When I was deciding on a queuing system for the product I'm writing, after seeing the price of running a Kafka cluster on Digital Ocean and others, I opted for polling in postgresql and have been quite satisfied with its work so far (6ish months running). I have some improvements I need to make to the queue listener (right now, all the workers poll until there's work, when I could have it back off to 1); but otherwise it's plenty good enough.
I'm really surprised at the price of Kafka clusters, to be honest. Hundreds of dollars per month extra at minimum.
I tried using a PostgreSQL SKIP LOCKED queue once, turned out to be a mistake.
It was a queue for a distributed worker pool. The simpler alternatives I was used to at the time (RabbitMQ) did not support joining (i.e. run task Y when all of X1~X20 are complete) and therefore every task was stored in the database, anyway. I don't remember the exact numbers, but it was a light/moderate load--thousands, maybe tens of thousands of rows per day. It ran smoothly with an external message queue. I'd vacuum maybe every 4 months.
For one iteration, I decided to try using PostgreSQL as the queue system as well, to decrease the number of moving parts. It performed fine for a bit, then slowed to a crawl. I was sure I was doing something wrong--except every guide told me this was how to use a table as a queue. If I missed anything, it must've been PG-as-a-queue-specific.
What would you do if you wanted to pick up jobs in close to real time? Listen/notify? An extension that adds long polling? Consuming the WAL? Giving up and using a different technology?
I'm working on something similar, and these are the options I've been mulling over. They each come with pretty significant drawbacks. My current plan is to use listen/notify because it's low hanging fruit and to see how that pans out, but was wondering if anyone has been down this path before and has wisdom they're willing to share.

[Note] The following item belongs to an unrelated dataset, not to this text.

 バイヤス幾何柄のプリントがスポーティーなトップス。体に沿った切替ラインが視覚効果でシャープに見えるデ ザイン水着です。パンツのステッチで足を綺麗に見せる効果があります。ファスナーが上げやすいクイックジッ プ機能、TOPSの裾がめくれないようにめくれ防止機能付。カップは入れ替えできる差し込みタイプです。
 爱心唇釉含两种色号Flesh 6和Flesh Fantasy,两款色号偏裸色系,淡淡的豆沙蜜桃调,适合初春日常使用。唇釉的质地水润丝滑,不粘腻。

As a generality, you either need something done Now, in which case don't put it in a queue, just do it immediately.
Or you need it done Not Right Now, in which case you stick it in a queue.

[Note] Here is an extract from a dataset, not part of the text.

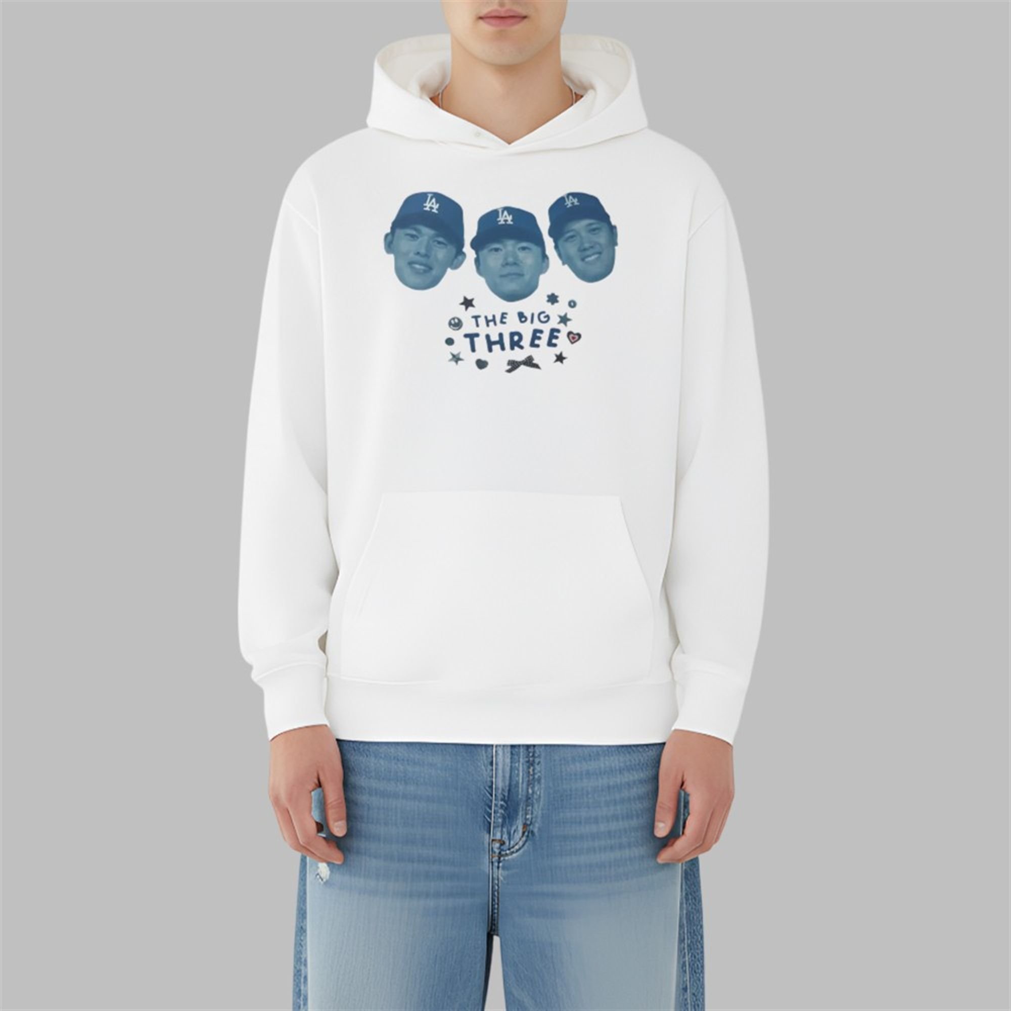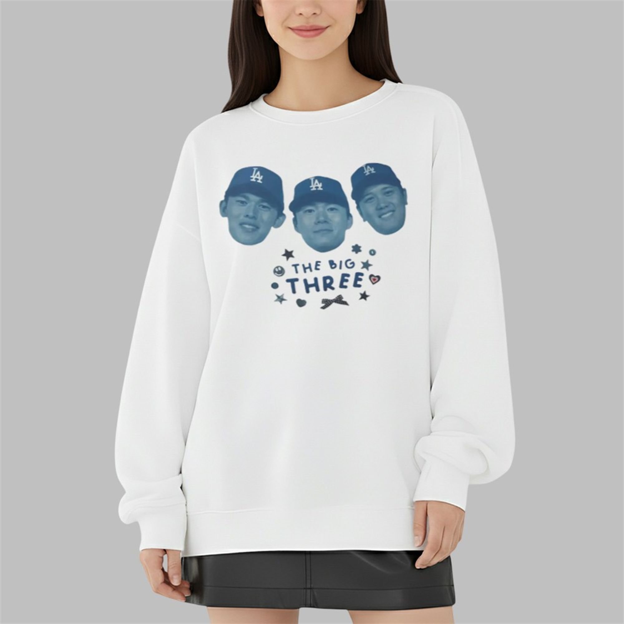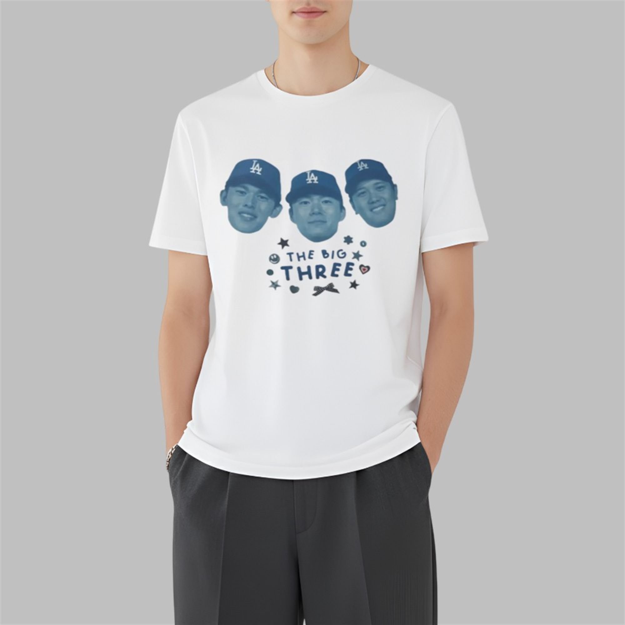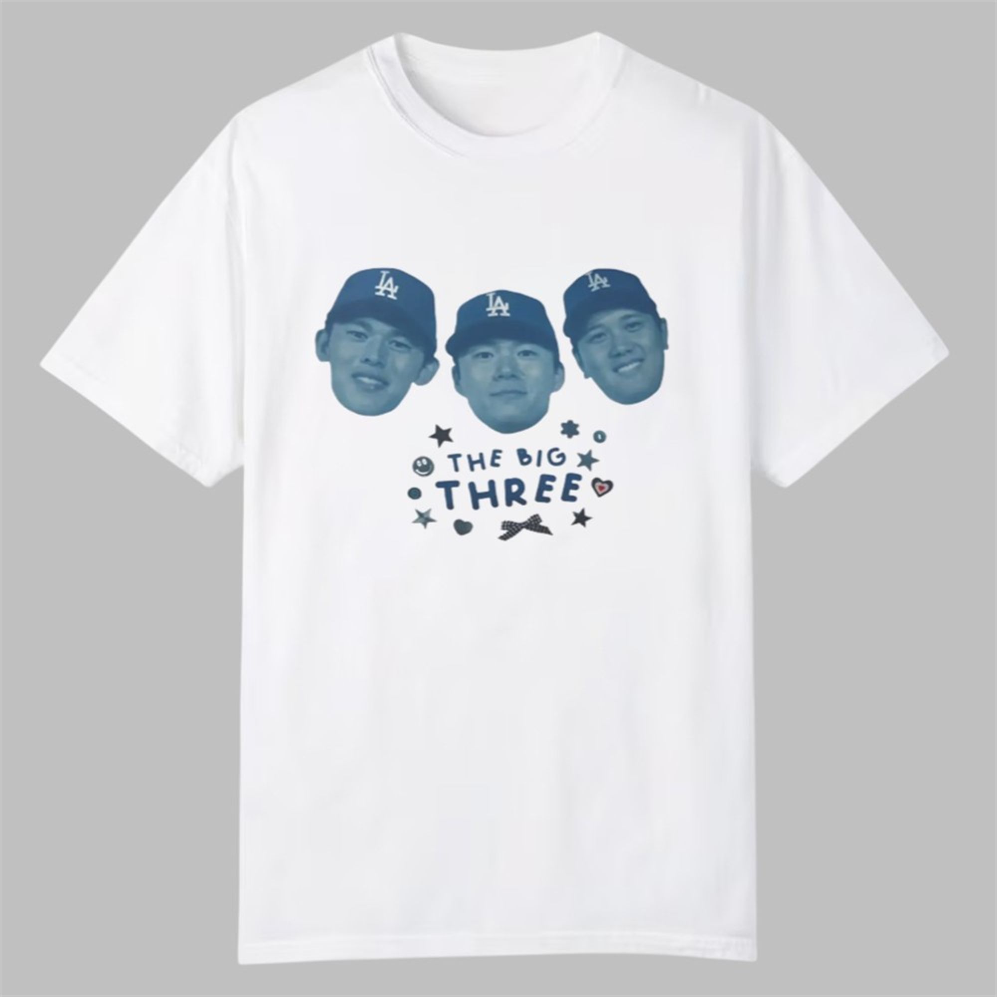 When Los Angeles assembled this legendary roster, the world knew something special was brewing. This shirt captures the fan-fueled excitement of that journey. It moves beyond standard team logos, offering a unique, stylized design that celebrates the personalities who defined the season. The front features playful, custom-illustrated portraits of Ohtani, Yamamoto, and Sasaki, all donning their iconic Dodgers caps. Below them, the text “THE BIG THREE” is rendered in a fun, hand-drawn-style font, complete with stars and hearts, capturing the genuine affection and global buzz surrounding these superstars.

Or maybe you need something done Now, but on a different computer, in which case you need RPC of some sort. I would not recommend reinventing RPC using listen/notify.

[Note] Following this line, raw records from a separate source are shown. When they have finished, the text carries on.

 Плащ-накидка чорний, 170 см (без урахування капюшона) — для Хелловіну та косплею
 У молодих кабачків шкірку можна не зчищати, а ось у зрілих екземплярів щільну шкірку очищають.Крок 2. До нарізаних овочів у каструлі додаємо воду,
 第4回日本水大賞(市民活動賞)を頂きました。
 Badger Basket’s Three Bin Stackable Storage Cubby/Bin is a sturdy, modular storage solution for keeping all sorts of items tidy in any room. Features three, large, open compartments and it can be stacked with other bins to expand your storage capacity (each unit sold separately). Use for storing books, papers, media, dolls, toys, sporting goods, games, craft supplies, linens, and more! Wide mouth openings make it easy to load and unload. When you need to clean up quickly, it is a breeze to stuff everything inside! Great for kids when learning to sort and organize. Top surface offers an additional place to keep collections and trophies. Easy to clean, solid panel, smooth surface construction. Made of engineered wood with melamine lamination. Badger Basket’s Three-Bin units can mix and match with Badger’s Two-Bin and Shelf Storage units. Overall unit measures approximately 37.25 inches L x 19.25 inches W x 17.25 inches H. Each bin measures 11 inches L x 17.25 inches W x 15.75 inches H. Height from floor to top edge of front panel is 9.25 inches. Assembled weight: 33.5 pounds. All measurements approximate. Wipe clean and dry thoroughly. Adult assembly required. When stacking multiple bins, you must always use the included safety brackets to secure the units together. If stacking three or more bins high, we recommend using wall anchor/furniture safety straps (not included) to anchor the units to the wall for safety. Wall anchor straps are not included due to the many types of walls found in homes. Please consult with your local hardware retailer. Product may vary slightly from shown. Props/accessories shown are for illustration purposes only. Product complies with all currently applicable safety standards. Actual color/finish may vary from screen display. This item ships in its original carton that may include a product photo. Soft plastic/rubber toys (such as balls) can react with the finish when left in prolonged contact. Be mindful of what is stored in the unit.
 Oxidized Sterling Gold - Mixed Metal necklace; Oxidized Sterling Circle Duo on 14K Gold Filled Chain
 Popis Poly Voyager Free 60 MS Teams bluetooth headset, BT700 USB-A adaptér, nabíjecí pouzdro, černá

Durability is more important to this use case than performance. I want the option of picking up a jobs within, say, a minute, but I am willing to accept a much worse worst case so long as I never lose track of a job.
Another scenario to consider; a job fails, because of a transient error local to the worker (for instance, it may have exceeded an IP based rate limit on an API it consumes). If we drew another worker, it would succeed without a hitch. I want to put the job back into the queue and pick it up again quickly. But I can't just keep going on the worker I have.
Autoscaling workers polling in a tight loop seems like a way to bring down production to me. Database is getting too many queries, causing the job queue to grow, causing more workers to spin up, causing a higher load of queries, ....
Here's the bug. If there are no tasks pending at the moment — you sleep, for example for 10 seconds. The code in the presentation had this handled correctly.
Then the database load from transactions that didn't match a job won't be noticeable until there are thousands of workers. And when (and if!) there are, I don't have experience with that kind of scale but I suspect that all the bottlenecks will still be in the other branch — transactions that modify the database.
If you want close to real time performance, why go for a task table at all? You can spawn threads and track them instead provided you have the resources. If you don't have the resources, I don't see why the minor listen/notify overhead would bother you, since tasks will wait some of the time regardless.
I explain in another comment that I want jobs to be durable, so I can't just spin up a new thread.
It's not the performance overhead that bothers me as much as the session-sticky state and additional complexity in the database, my instinct is that it will cause outages in ways that take significant Postgres chops to diagnose and correct. That's just an instinct though, it could be far off base.
Another postgres queue. I'm missing a variant that allows multiple consumers to process one payload, and one where you can parallelize based off a certain key (like Kafka does).